Data extracted from a collection:
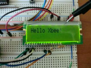 (3)実験(2)と同様の回路を使って「Hello Xbee!」の文字をLCDに表示する。
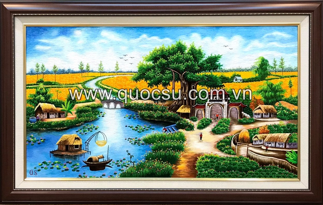 Tranh thêu tay phong cảnh đồng quê
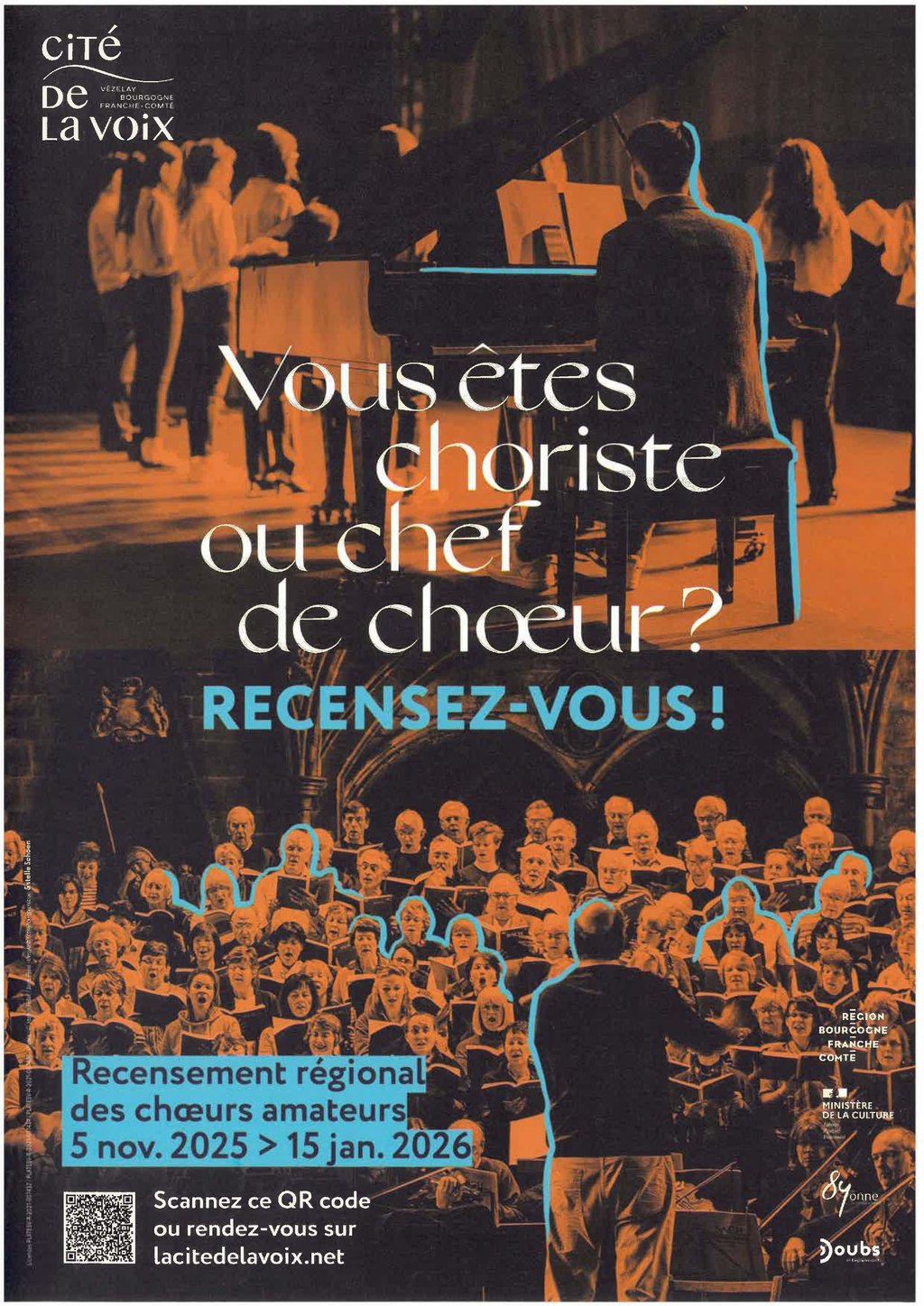 đ¶ Vous chantez dans un chĆur ? Vous en dirigez un ? Votre structure en accueille un ? La CitĂ© de la Voix lance un recensement rĂ©gional des chĆurs amateurs de Bourgogne-Franche-ComtĂ©, du 5 novembre 2025 au 15 janvier 2026 đ€
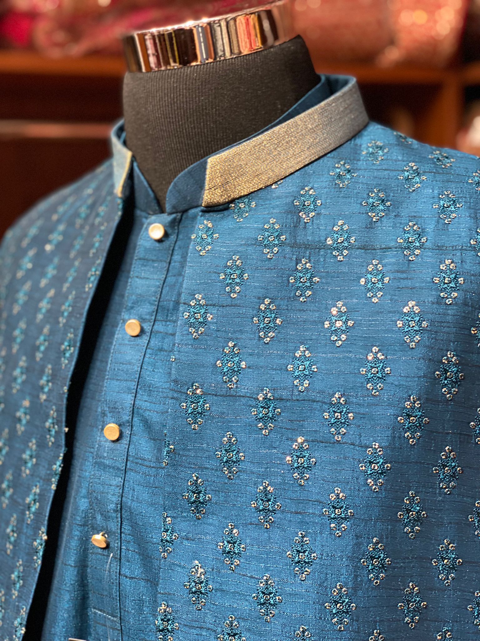 Indigo Blue Sequins Indo Western Embroidered Sherwani
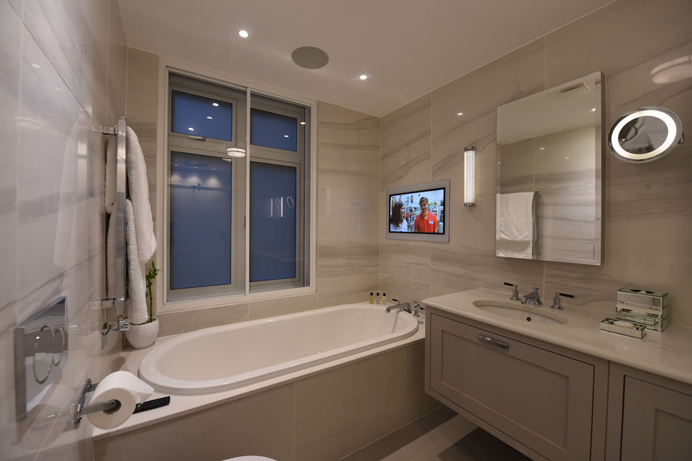 Our task was to design and implement a solution, which allowed for a very broad spectrum of TV services coupled with the minimum amount of technology installed in each apartment. This required the thorough development of a centralised distribution option, powered by enterprise-grade infrastructure. We also sourced and supplied multi-room audio, together with Aquavision TVs for the bathrooms.
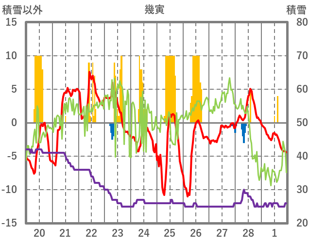 | 日 | 時 | 気温 | 降水 | 風向/風速 | 日照 | 積雪 | 降雪 |

> Action item
Verbatim repeat, images removed: give each entry again exactly as it reads.

> Answer for this exercise
 (3)実験(2)と同様の回路を使って「Hello Xbee!」の文字をLCDに表示する。
 Tranh thêu tay phong cảnh đồng quê
 đ¶ Vous chantez dans un chĆur ? Vous en dirigez un ? Votre structure en accueille un ? La CitĂ© de la Voix lance un recensement rĂ©gional des chĆurs amateurs de Bourgogne-Franche-ComtĂ©, du 5 novembre 2025 au 15 janvier 2026 đ€
 Indigo Blue Sequins Indo Western Embroidered Sherwani
 Our task was to design and implement a solution, which allowed for a very broad spectrum of TV services coupled with the minimum amount of technology installed in each apartment. This required the thorough development of a centralised distribution option, powered by enterprise-grade infrastructure. We also sourced and supplied multi-room audio, together with Aquavision TVs for the bathrooms.
 | 日 | 時 | 気温 | 降水 | 風向/風速 | 日照 | 積雪 | 降雪 |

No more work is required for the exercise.